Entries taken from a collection
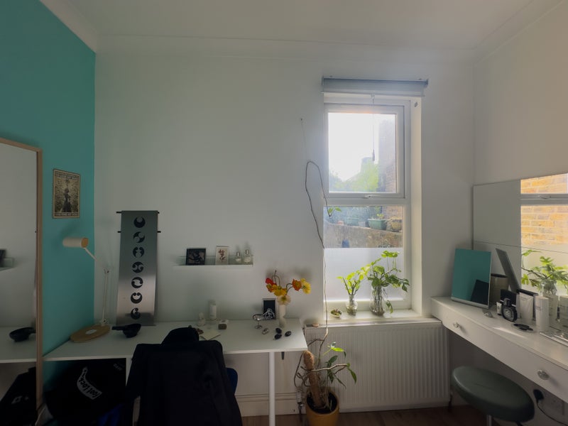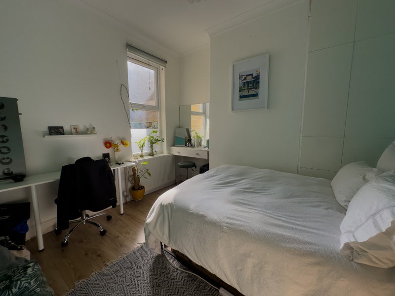 The room is a small double on the ground floor which is at back of the house, over-looking our garden so it's very quiet (other than the local London foxes!). The room is furnished (double UK bed with mattress, a built-in dressing table with a few draws and large mirror, some built in cupboards, a bedside table/cupboard, a long shelf-style desk, plus a large 43inch TV on the wall, plus a few shelves, a long mirror, and a ottoman.
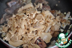 Добавляем порезанные шампиньоны, у меня варёные, обжариваем 5 минут.
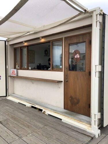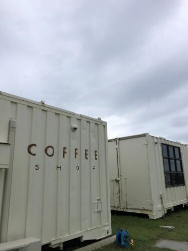 ガーデンパークの駐車場の横にあるコンテナ風建物のカフェ
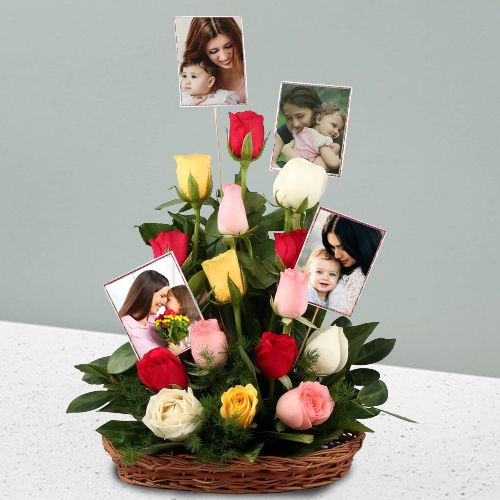 On this mothers day frame all those lovely photos of your mummy and you with this Amazing Basket Arrangement of 4 Personalised Photos and 15 Mixed Roses and give her a surprise.
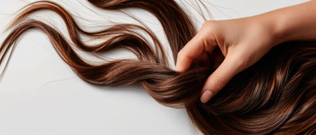 A close-up view of hands gently braiding or styling long, brown hair, capturing the texture and shine of the strands. The image highlights personal grooming, beauty routines, and hair care.
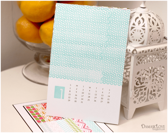 I decided to create a modern calendar that featured a bold stamped background image on each page.
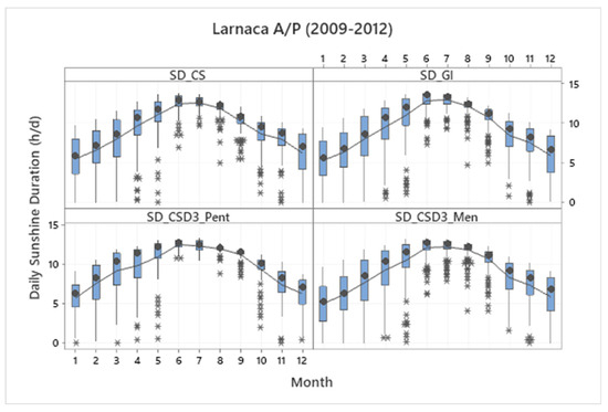The monthly variability in the daily sunshine duration is presented in the boxplot graphs (Figure 2). The smooth lines represent the mean values of SD for each month of the year, while the circles represent the median values and the asterisks the outliers. The highest values are recorded in the summer months reaching the value of about 13.5 h/d, while the lowest mean values range between 5.5 and 6.5 h/d occurring in December or January. The median values are generally slightly higher than the mean values. The outliers are more common during the spring and summer months.
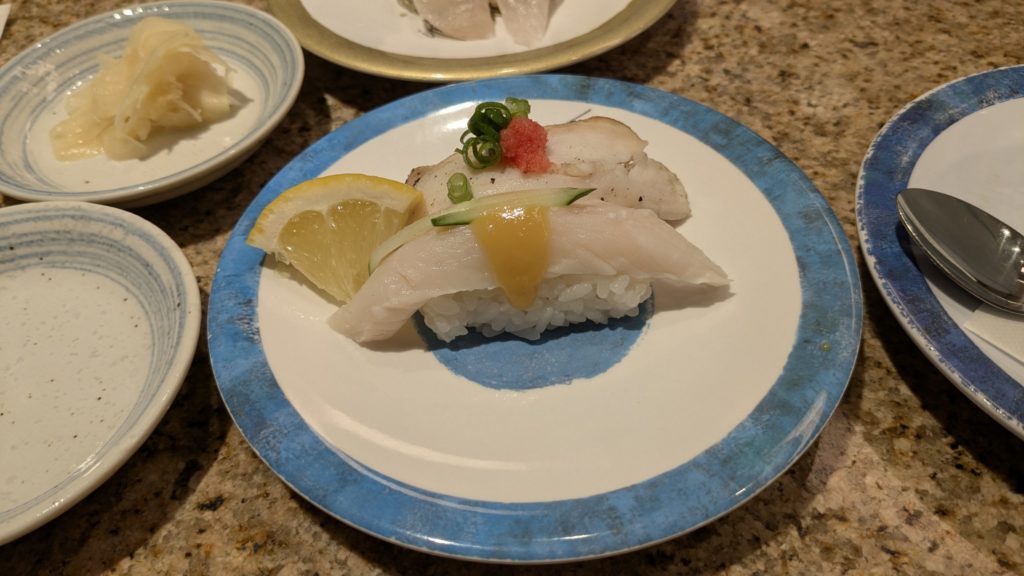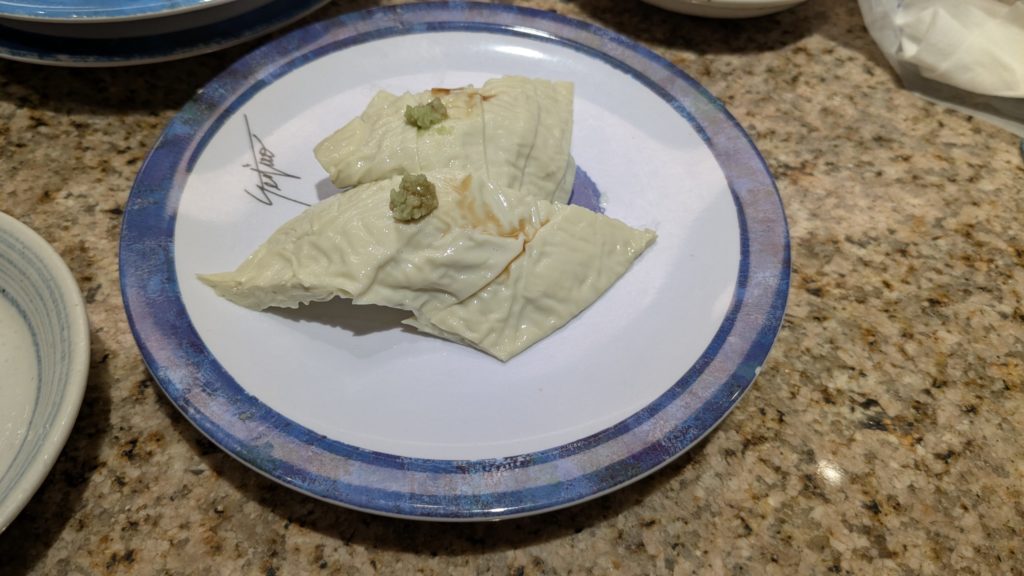 この日はえび3種・炙りサーモン・茶碗蒸し・湯葉などをいただきました。湯葉寿司はあなどることなかれ、おいしかったです。そんなに厳格でないベジタリアンの人だったらこれもいいですよね。
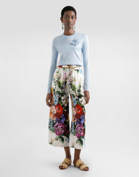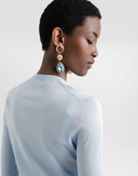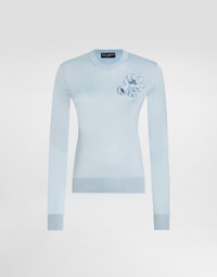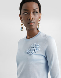 This silk pullover is a women's wardrobe essential, combining elegance and comfort in a timeless design. Perfect for any occasion, its light blue color adds a touch of freshness, while the silk workmanship and the flower brooch give it a discreet elegance. Silk pullover with flower brooch: • Light blue • Crew neck • Long sleeves • Bottom width 60 cm on size 40 IT • The model is 175 cm tall and wears size 40 IT • Made in Italy External Composition: 100% Silk
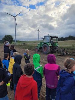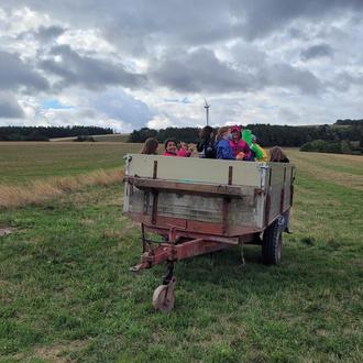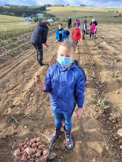 Mit dem Traktor-Anhänger-Taxi wurde die Klasse auf der Kreuzwies abgeholt und zum Flur gefahren. Bewaffnet mit Körben, Gummistiefeln und Matschhosen ging es auf´s Kartoffelfeld. Der Bauer Hubert Lorscheter holte die Knollen mit dem Traktor und einer Maschine aus der Erde. Anschließend gingen die Kinder die einzelnen Reihen ab und sammelten die Ernte mit ihren Händen auf. Das Wetter zog sich langsam etwas zu, sodass sich alle vor dem Regen in ein kleines Waldstück retteten. Hier krönten wir unsere Kartoffelkönige, den Finder der dicksten und die Finderin der kleinsten Kartoffel. Barbara Lorscheter überraschte uns mit leckeren Kartoffelecken, Gemüse-Sticks, Dip und Nachtisch.
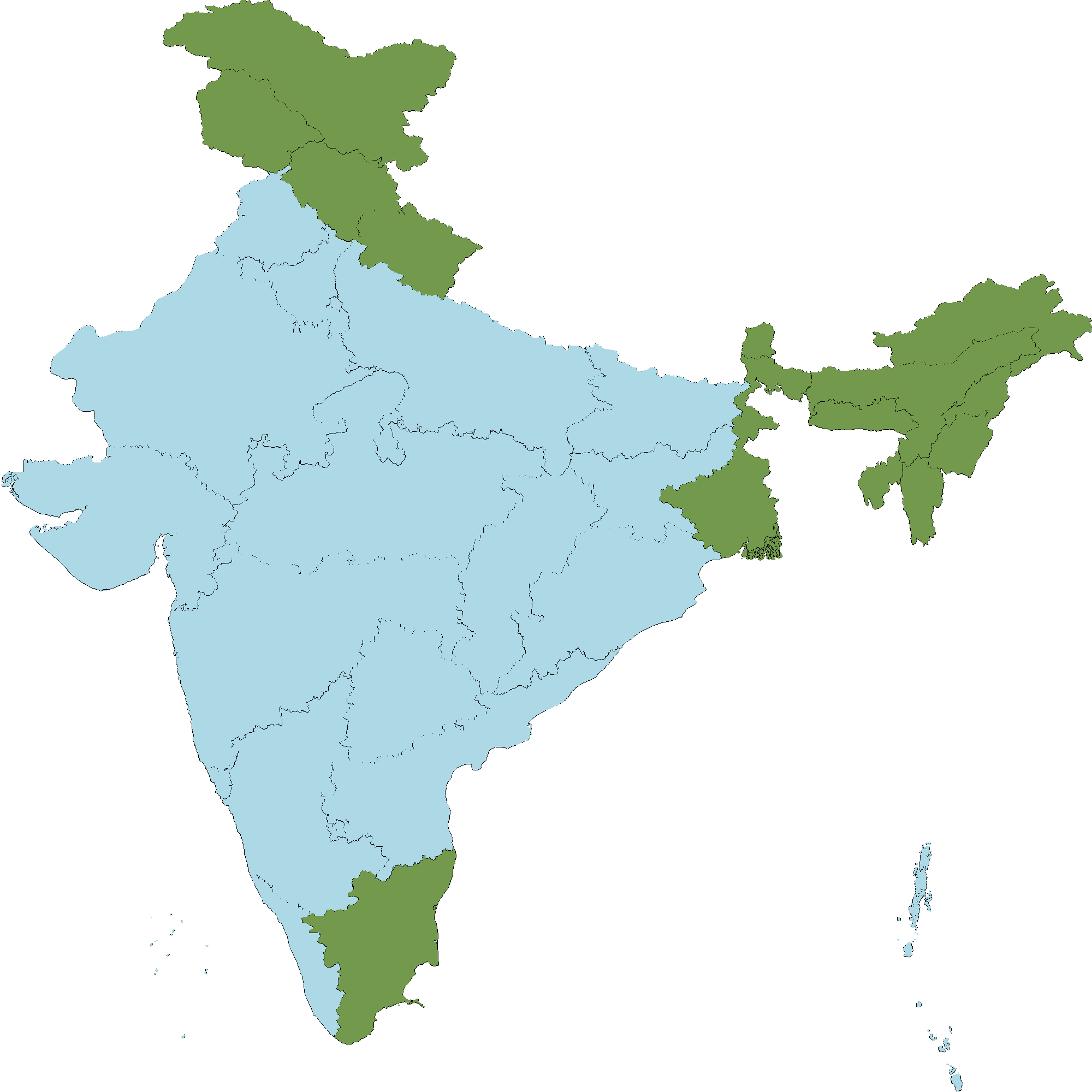 - West Bengal : Darjeeling district,Jalpaiguri district,Alipurduar district,Cooch Behar district
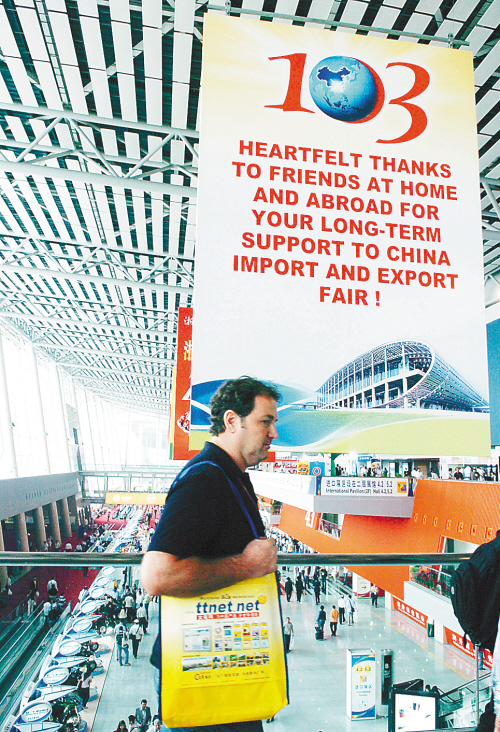 4月15日,第103届广交会在广州开幕,共有来自境内外的18721家企业参展,比上届增加3667家,是历史上规模最大的一届。超过500家境外企业出现在本届广交会上,向中国市场推销食品、机械等各类产品。 新华社记者壮锦摄

• **Exercise**
Word-for-word restatement: every line from the one with "Mit dem Traktor-Anhänger-Taxi" through the final line of the data, both ends included, pictures excluded.

• **Output of the task**
 Mit dem Traktor-Anhänger-Taxi wurde die Klasse auf der Kreuzwies abgeholt und zum Flur gefahren. Bewaffnet mit Körben, Gummistiefeln und Matschhosen ging es auf´s Kartoffelfeld. Der Bauer Hubert Lorscheter holte die Knollen mit dem Traktor und einer Maschine aus der Erde. Anschließend gingen die Kinder die einzelnen Reihen ab und sammelten die Ernte mit ihren Händen auf. Das Wetter zog sich langsam etwas zu, sodass sich alle vor dem Regen in ein kleines Waldstück retteten. Hier krönten wir unsere Kartoffelkönige, den Finder der dicksten und die Finderin der kleinsten Kartoffel. Barbara Lorscheter überraschte uns mit leckeren Kartoffelecken, Gemüse-Sticks, Dip und Nachtisch.
 - West Bengal : Darjeeling district,Jalpaiguri district,Alipurduar district,Cooch Behar district
 4月15日,第103届广交会在广州开幕,共有来自境内外的18721家企业参展,比上届增加3667家,是历史上规模最大的一届。超过500家境外企业出现在本届广交会上,向中国市场推销食品、机械等各类产品。 新华社记者壮锦摄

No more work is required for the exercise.